Soixante-quatrième session

Séance informelle de la plénière

sur les changements climatiques - après-midi


LA CONCLUSION D’UN ACCORD AMBITIEUX À COPENHAGUE EST ENCORE POSSIBLE, ASSURENT BAN KI-MOON ET YVO DE BOER DEVANT L’ASSEMBLÉE GÉNÉRALE


À 17 jours de l’ouverture de la Conférence de Copenhague sur les changements climatiques, l’Assemblée générale a convoqué cet après-midi une réunion informelle pour inciter les États Membres à conclure un accord effectif, réaliste et capable de refléter l’urgence de la situation actuelle.


« Si vous lisez la presse », a déclaré le Secrétaire général, M. Ban Ki-moon, « vous pourriez penser que la Conférence de Copenhague sera une déception.  C’est faux et nous réussirons à conclure un accord.  Il faut rester positif et engagé ». 


« La planète a besoin d’un nouvel accord sur les changements climatiques.  Les États Membres doivent convenir d’une solution juste, effective et ambitieuse, capable de refléter nos objectifs partagés ainsi que nos responsabilités communes mais différenciées », a renchéri le Président de l’Assemblée générale, M. Ali Abdussalam Treki.


M. Yvo de Boer, Secrétaire exécutif de la Convention-cadre des Nations Unies sur les changements climatiques (CCNUCC), a expliqué que l’accord de Copenhague doit garantir une assistance renforcée aux plus pauvres et aux plus vulnérables, un objectif ambitieux de réduction des émissions des pays industrialisés, des actions nationales d’atténuation de la part des pays en développement, ainsi que des ressources financières et technologiques nécessaires et une structure de gouvernance équitable de gestion des ressources.


« Copenhague doit aussi créer la base d’un cadre de travail juridique et politique qui permette la transition vers une économie mondiale verte et l’adaptation aux conséquences négatives des changements climatiques », a-t-il notamment indiqué. 


Conscient de l’importance que revêt la question du financement, le Secrétaire général a signalé que le monde développé devra fournir 10 milliards de dollars afin de lancer la croissance à basse émission dans les pays en développement.  « Nous devons renforcer cela substantiellement, à hauteur de 100 milliards de dollars par an d’ici à 2020 », a-t-il indiqué.  « Faisons ensemble un pas de géant vers un avenir meilleur qui commence à Copenhague », a-t-il dit.


« Voulons-nous être la génération qui se sera détruite elle-même? », a lancé Mme Trudie Styler de la Rainforest Foundation à la centaine de délégations venues participer à cette réunion.

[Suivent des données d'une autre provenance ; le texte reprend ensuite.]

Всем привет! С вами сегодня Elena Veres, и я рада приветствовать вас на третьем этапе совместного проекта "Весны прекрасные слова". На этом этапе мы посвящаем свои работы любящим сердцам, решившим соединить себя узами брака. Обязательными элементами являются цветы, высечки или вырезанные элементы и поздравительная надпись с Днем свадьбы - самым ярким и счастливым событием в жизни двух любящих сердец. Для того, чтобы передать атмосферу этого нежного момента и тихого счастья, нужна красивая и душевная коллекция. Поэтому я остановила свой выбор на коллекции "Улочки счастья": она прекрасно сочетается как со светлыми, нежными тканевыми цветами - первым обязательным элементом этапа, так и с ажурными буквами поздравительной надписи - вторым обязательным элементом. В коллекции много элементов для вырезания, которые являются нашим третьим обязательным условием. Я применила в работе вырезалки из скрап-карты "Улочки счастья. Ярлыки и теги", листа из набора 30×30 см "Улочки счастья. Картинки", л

Aux cours du débat qui a suivi ces discours liminaires, les délégations ont insisté sur les principaux points d’achoppement qui restent à régler pour l’adoption d’un accord ambitieux et juridiquement contraignant, entre autres, la question du financement des efforts d’atténuation et d’adaptation.  Elles ont également évoqué l’importance de la volonté politique, de la coopération multilatérale et de la recherche.

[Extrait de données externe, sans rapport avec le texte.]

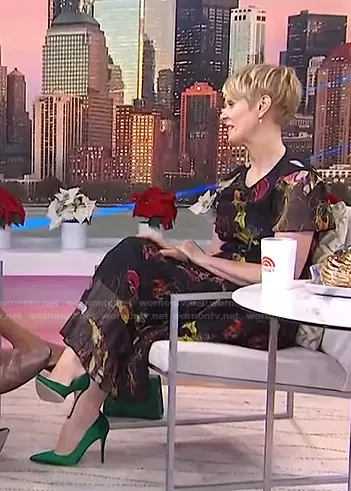 on Today on NBC was spotted wearing this Cynthia Nixon’s black floral pleated dress on Today on Dec 08 2021's episode. 's Dress is the Abstract & Floral Midi-Dress by Jason Wu.

SÉANCE INFORMELLE DE LA PLÉNIÈRE SUR LES CHANGEMENTS CLIMATIQUES


Déclarations


M. ALI ABDUSSALAM TREKI, Président de l’Assemblée générale, a déclaré que dans les efforts collectifs pour lutter contre les changements climatiques, l’importance de la Conférence de Copenhague avait résonné clairement et bruyamment lors de la manifestation de haut niveau convoquée par le Secrétaire général, le 22 septembre 2009.  Il ne nous reste que 17 jours, mais ils peuvent suffire pour préparer le terrain à un résultat agréé correspondant à la gravité et à l’urgence du défi, a-t-il estimé.  Les États Membres, a averti le Président, ne peuvent se soustraire à cette responsabilité ni se permettre de perdre l’élan, car le progrès n’est pas une option mais un impératif pour notre survie.  M. Treki a ensuite engagé tous les États Membres à agir de manière résolue et collective.


Il a poursuivi en affirmant que l’action requise devait être fermement ancrée dans la légitimité unique dont dispose l’Assemblée générale.  Il a expliqué que des délibérations étaient actuellement en cours au sein de la Deuxième Commission sur une résolution globale relative aux changements climatiques. 


La planète a besoin d’un nouvel accord international sur les changements climatiques et Copenhague nous offre cette occasion.  Les États Membres doivent convenir d’une solution juste, efficace et ambitieuse qui reflète nos objectifs partagés ainsi que nos responsabilités communes mais différenciées, a lancé le Président de l’Assemblée générale.  Regrettant l’absence remarquée d’un grand nombre de délégations à la dernière Conférence de l’Organisation des Nations Unies pour l’alimentation et l’agriculture (FAO), le Président de l’Assemblée a espéré que cela ne se reproduira pas à la Conférence de Copenhague.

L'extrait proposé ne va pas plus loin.